= Bikdash Arabic Transliteration Rules =

Bikdash Arabic Transliteration Rules are a set of rules for the romanization of Arabic that is highly phonetic, almost one-to-one, and uses only two special characters, namely the hyphen and the apostrophe as modifiers. This standard also includes rules for diacritization, including tanwiin.

This transliteration scheme can be thought of as a compromise between the Qalam transliteration and the Buckwalter Transliteration. It represents consonants with one letter and possibly the apostrophe (or single quotation mark) as a modifier, and uses one or several Latin vowels to represent short and long Arabic vowels. It strives for minimality as well as phonetic expressiveness. It does not distinguish between the different shapes of the hamza since it assumes that a software implementation can resolve the differences through the standard rules of spelling in Arabic :ar:إملاء.

Note: The Arabic words in this article are written using the Bikdash Arabic Transliteration Rules.

== Guiding Principles ==
The rules were designed with the following principles in mind :
- Capital and small symbols of the same English letter represent in general different sounds or different Arabic letters. In general, capital letters are emphatic versions of small letters whether vowels or consonants.
- The Arabic script should be deducible from its transliteration unambiguously and without necessarily understanding the meaning of the Arabic text. The reverse should also be possible when the Arabic script is fully diacritized or vowelled (i.e. muxakkal with kasrah, fatHat', Dammat', xaddat', tanwiin and other Harakaat.). BATR must be high-quality to allow writing the qureaan or Arabic poetry exactly.
- BATR should be highly phonetic in the sense that a person with no knowledge of Arabic should be able to read and pronounce the Arabic text with "reasonable" accuracy. When the principles of BATR are explained, this person should be able to approximate the sound of the Arabic text with high accuracy.
- Long vowels of Classical Arabic are represented by doubled symbols: ii, aa, and uu, and i, a, and u represent short versions (kasrah, fatHat', Dammat').

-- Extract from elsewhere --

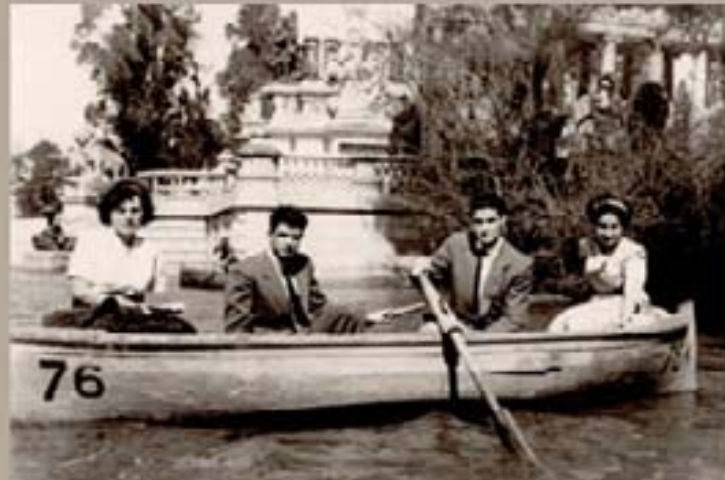
135. Nueva Espargana 1945

In general, combinations of vowels are allowed to express different vowels or intonations including vernacular or colloquial or other nonstandard vowels. For instance, ai represents the Egyptian-dialect vowel in fain? (meaning "where?").
- When a vernacular Arabic word can be said, pronounced, or written in several forms, one of which agrees with Classical Arabic, then this latter form is adopted.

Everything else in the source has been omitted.